O rapaz do tumor de testículo com dores que nos desafiavam diariamente, a jovem com câncer de mama espalhado pelos pulmões, a colega de faculdade que lutou contra uma neoplasia hematológica, todos eles tinham planos pra o final de semana, para as próximas férias, para daqui a 10 anos. Nenhum deles imaginava que a vida seria tão pouco cuidadosa com seus anseios. Nós nunca imaginamos.
Doenças Mentais
Aconselhar um paciente, por qualquer motivo, a procurar um colega psiquiatra é quase garantia de cara feia, exaltação, exigências de esclarecimentos e retratações. Além de todo o preconceito segundo o qual a psiquiatria se ocuparia de “loucos”, há dificuldades sérias em abandonar nossa arrogância e admitir que a nossa mente pode não estar nos oferecendo a melhor leitura do mundo que nos cerca.

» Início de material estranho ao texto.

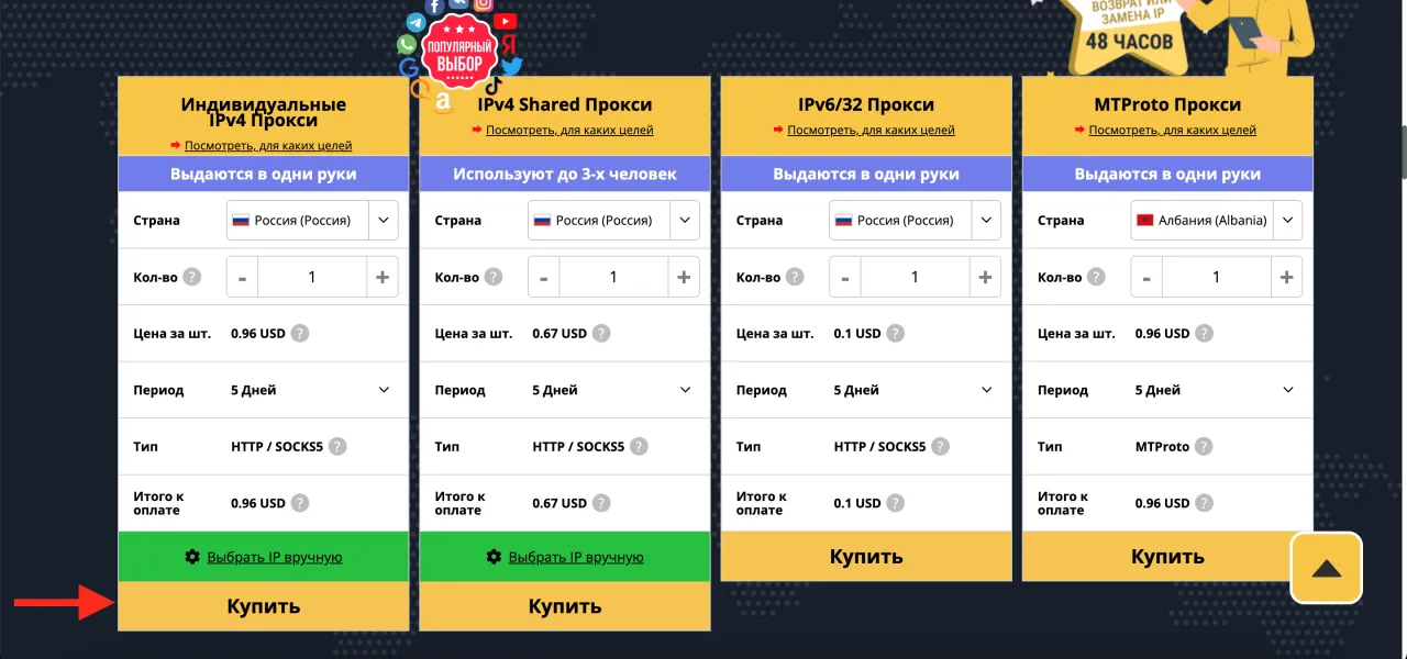 Для этого немного прокрутите главную страницу вниз, и вы увидите цены по типам прокси. Прямо на главной странице выберите все необходимые параметры для нужного типа прокси (количество, период покупки и страну), затем нажмите кнопку "Купить".

Observa-se que a prevalência total de transtornos mentais – abuso de substâncias, depressão, ansiedade, esquizofrenia, transtornos de personalidade – passa dos 20%.
Inclusive, isso deu origem àquela velha piadinha: se você estiver em uma sala com mais quatro pessoas e todas elas lhe parecerem normais, o maluco deve ser você.
O fato é que a chance de, em algum momento da vida, nossa mente nos falhar e precisarmos de ajuda profissional não é nada desprezível.
“Raridades”
Por mais que traumas, cânceres e as “doenças da alma” nos assustem e façam com que tentemos fechar os olhos, ainda temos alguma noção de que eles estão por aí, esperando o momento de nos sacudir. Isso não acontece com algumas condições menos conhecidas, mas que também podem nos pegar na próxima esquina.
Doenças auto-imunes – quando nosso sistema imunológico reconhece partes do nosso próprio corpo como estranhas e as “ataca” como a agressores – podem causar quadros dramáticos. Pacientes com lupus frequentam assiduamente o hospital, pela doença e pelas complicações do tratamento.
Infecções inicialmente simples, como uma gripe ou diarreia, às vezes precipitam quadros um pouco raros, como a Síndrome de Guillain-Barré ou a Síndrome Hemolítico-Urêmica.
Nada impede, ainda, que você seja portador de alguma doença genética rara, como o Angioedema Hereditário ou a Coréia de Huntington e ainda vá manifestar seus sintomas.
Sim, tudo isso existe e não estamos a salvo.
O que fazer diante desse fim?
Poderia ficar horas descrevendo doenças estranhas ou assustadoras – para ficar só nos problemas de saúde. Mas acho que já defendi meu ponto: não temos qualquer garantia na vida.
Mas e daí? Abraçamos-nos todos e esperamos a morte chegar? Antecipamos a coisa toda e vamos nós ao encontro da morte?
Creio que não. Nesse ponto eu compartilho um pouco da visão do Alex Castro.
Se só tecido morto não dói, a própria dor e a possibilidade da dor fazem parte do que nos define. Como diz Tyler Durden – com o perdão do clichê – é só quando aceitamos a dor, quando nos dispomos a perder tudo é que podemos fazer qualquer coisa.
“Primeiro você tem que saber – não temer – saber que um dia vai morrer.”
Estando atento – e aberto – à possibilidade do soco é que se vive para além do medo e do controle. É atravessando o caos de olhos bem abertos que experimentamos plenamente o mundo.
Lembrando-nos da morte (da dor, dos obstáculos, das armadilhas) não nos distraímos dos nossos projetos verdadeiros. Não custa nada reforçar, de novo e de novo, que não temos tempo a perder.
“A vida só se dá pra quem se deu”, como dizia o poeta.